The parts I enjoyed the most were the ones in which I learned about Chinese traditions and culture.
I was surprised by how much I enjoyed this book. It was a quick light book.
The tug-of-war between traditional immigrant parents and their North American born children is very real, but unless the book is set in the 20th century, I felt that this hand was overplayed, particularly for a 22-year-old. Additionally, the characters' lack of computer availability to research information made the book feel dated. Having said that, the segments that dealt with dance seemed quite smoothly written - although the likelihood that an inadequate receptionist could become a professional dance instructor was a bit exaggerated. It is , however a Cinderella story for Charlie. As for Lisa, not so lucky. I enjoyed the story. The romance plot was well choreographed, the sub-score with Ryan and his boxing mates was offbeat, and a (mostly) happy ending is fine.
I enjoy books that show other cultures,and Mambo In Chinatown showed two American-Chinese sisters and their struggle of trying to acclimate fully into American culture when they have a father and an uncle who are steadfastly anchored to old-school China.
The author skillfully develops the characters,and the story.
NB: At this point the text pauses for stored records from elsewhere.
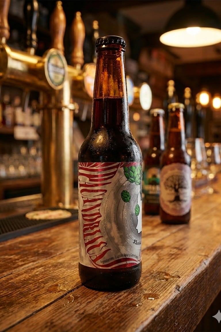 Frase: de las profundidades del amargo abismo surge esta refrescante creación para los verdaderos amantes del lúpulo, que se obsesionan con el grado de IBUS.
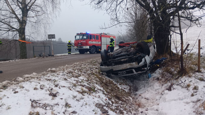 K prvnímu zásahu došlo krátce po osmé hodině ranní v Sedloňově, kam přispěchali profesionální hasiči z HS Dobruška a jednotka dobrovolných hasičů Olešnice v Orlických horách. „Posádka vylezla z vozidla před příjezdem hasičů. Provedli jsme standardní protipožární úkony. Osobní vozidlo jsme převrátili opět na kola a vytáhli na vozovku. Při nehodě došlo ke zničení dopravního značení a konstrukce mostku,“ sděluje Radek Mencl, vedoucí oddělení krajského operačního a informačního střediska HZS. Jedna osoba musela být v péči záchranářů.
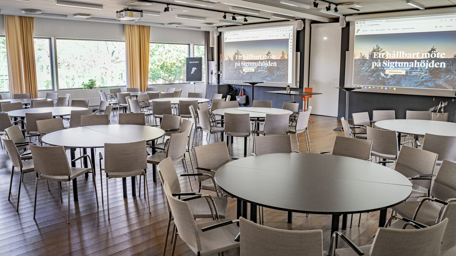 - Två Epsonprojektorer med duk. Båda dukarna kan visa samma bild från en dator eller två separata datorer kan projicera på var sin duk samtidigt.
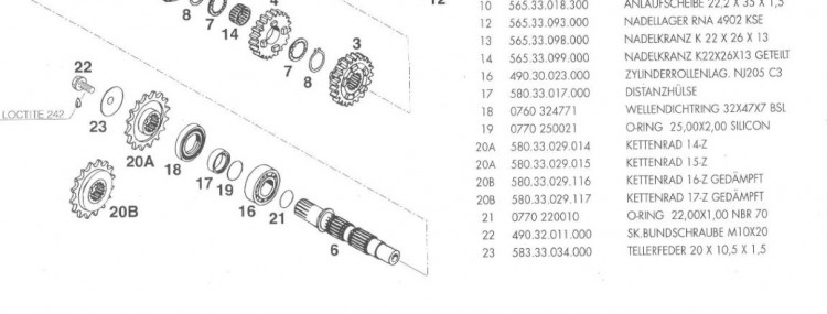 Sur l'empilage de l'axe secondaire, il faut ajouter un joint torique (25x1mm) avant d'insérer la bague du roulement.
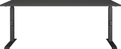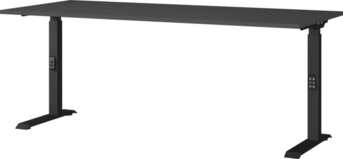 Platte aus Spanplatte mit pflegeleichter Melaminharzbeschichtung in Dekor graphit. Kante mit schlagfestem ABS-Umleimer, der vor unschönen Rissen und Ausbrechen schützt. C-Fußgestell aus Metall mit schlag- und kratzfester Pulverbeschichtung in schwarz. Höhenverstellung durch Mechanik. Gestell mit nivellierbaren Kunststoffgleitern, mit denen sich Bodenunebenheiten optimal ausbessern lassen.
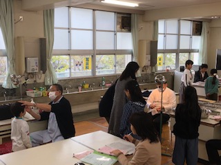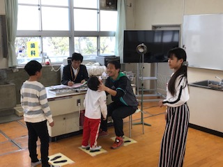 各検査会場には教職員と6年生が待っています!校医先生との診察バージョンと、教職員が行う検査バージョンに分かれます!5年生の優しいサポートで園児たちも安心してまわっています!5年生の方が緊張しているようです!がんばれサブリーダー!
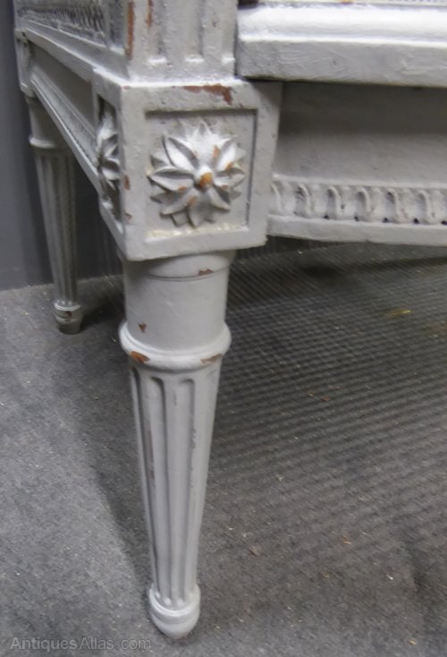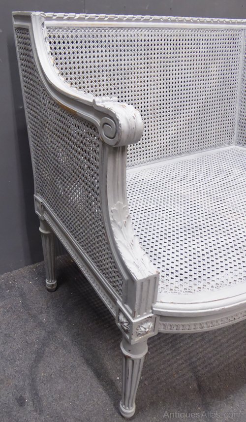 Ref 7031 - Small worn grey painted Louis XVI style antique French cane sofa. Cane in good condition with double panels to side and back. Circa 1900.
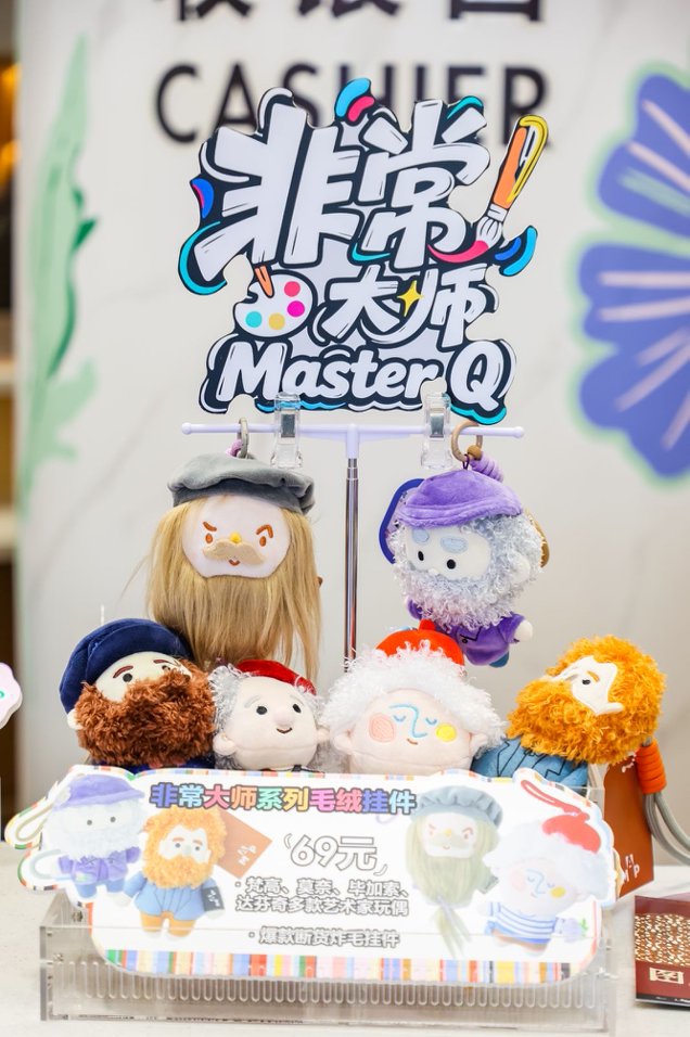 展售品类丰富多元,既有当前馆内卢浮宫大展、毕加索大展的主题文创,也有往期现象级大展奥赛展的爆款周边惊喜返场。那个曾让无数观众忍俊不禁的“炸毛梵高”玩偶,以其夸张的造型和憨态可掬的表情,成为展台上的焦点。
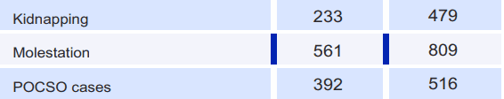 Other crimes such as dowry murder, kidnapping, molestation and Protection of Children from Sexual Offences Act (POCSO) cases have seen a considerable rise.

I immediately loved Charlie and her little sister Lisa,and I was totally captivated by their story.
I also thoroughly enjoyed the insights to Chinese culture,even though I was totally grossed out by the uncle's disgusting-gag-a-maggot health remedies,that would have made me run away from home!
The story is told with much humor and charm.
Highly recommended for those who enjoy a feel-good story
***** Charlie, the older daughter of an old-school overworked and underpaid widowed Chinese man, comes of age at great risk to the thin fabric that holds her struggling family together -- only to resew it with tensile-strength thread. By itself, the description of her interview at the dance studio is worth the time to read the whole book -- but that's only one one gem in a sparkling charm bracelet of a novel. Also, check out Kwok's emotion-tugging debut novel, Girl in Translation, about impoverished Chinese immigrants who become indentured servants to family members as the price of their tickets.
Fascinating look behind the scenes of professional ballroom dancing -- an "ugly duckling" becomes a swan in spite of herself.
This is a great book. Can't help but pull for "Charlie" as she grows into her own. Recommended!